I picked this book up in a charity shop, published in 1979 by The Macmillan Press Ltd, ISBN: 0-333-25630-1, Author: Ivan Watson.  This is a great little book that simply sets out twelve golden rules that professional film-makers follow to produce professional looking films that amateur film-makers can follow.  Although this book was written forty years ago for home cine-camera users most of the book is still valuable to the digital camera operator as it mostly covers camera angles, continuity, movement, POV, sequence, camera movement, etc.  Only a small section is out of date, referring specifically to correct use of film choice of cine-cameras and film editing including the synchronization of sound to cine-film.  Not at all relevant to modern day editing but interesting all the same.

I have copied the book’s summing-up page, on the last page of the book, which has done done all the work for me to both highly recommend this book and sum-up it’s contents.

It is a pity that this book is no longer in print, I firmly believe that with only a small amount of work to update it to reference digital technology this book would be on the students required reading list.  This book de-mystifies the expression ‘film-language’ and simply lays out rules to follow in order to be able to make a descent enough film for putting forward for critical assessment or competition.

(Page 119, How to be  a Better-Than-Average Cameraman)

Twelve Golden Rules For Better Camerawork.

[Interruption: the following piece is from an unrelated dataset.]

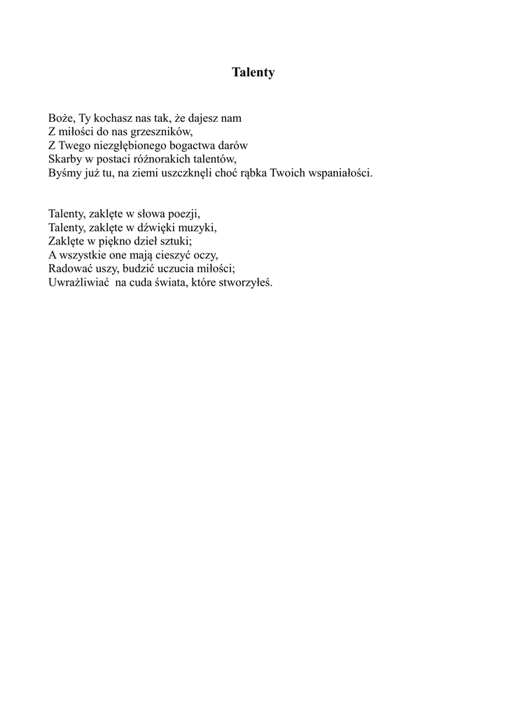 Talenty Boże, Ty kochasz nas tak, że dajesz nam Z miłości do nas grzeszników, Z Twego niezgłębionego bogactwa darów Skarby w postaci różnorakich talentów, Byśmy już tu, na ziemi uszczknęli choć rąbka Twoich wspaniałości. Talenty, zaklęte w słowa poezji, Talenty, zaklęte w dźwięki muzyki, Zaklęte w piękno dzieł sztuki; A wszystkie one mają cieszyć oczy, Radować uszy, budzić uczucia miłości; Uwrażliwiać na cuda świata, które stworzyłeś.

  1. Economise on screen-time by shooting only part of the action to represent the whole.
  2. Whenever you introduce anything new, use a re-establishing shot to enable the audience to relate once more to the general scene.
  3. Always start a new scene or change of location with an establishing shot.
  4. when filming action that is broken down into related shots, change the angle and image size every time you stop the camera.
  5. to obtain a three-dimensional effect, shoot, where ever possible, at an angle of about 45 degrees to the subject.
  6. when you re position the camera to break-down continuous action into separate shots, or take alternating over-the-shoulder or point-of-view close-ups opposite players, keep the camera within a 180 degree arc, on one-side of the action line, for each shot in the sequence.
  7. Start the camera before the subject enters the frame and stop it after the subject leaves the frame.
  8. Wherever possible, a panning shot should be proceeded and followed by a static shot.
  9. The foundation of any interior light set-up for close shots should be a key light, a fill-light and a back light.
  10. When you compose a scene try, as far as possible to keep it simple.
  11. In any filming situation where you wish to heighten suspense by expanding screen time, make full use of creation close-ups or cut-in shots.
  12. If you have an artistic or dramatic reason for doing so, ignore all or any of the Golden Rules whenever you please.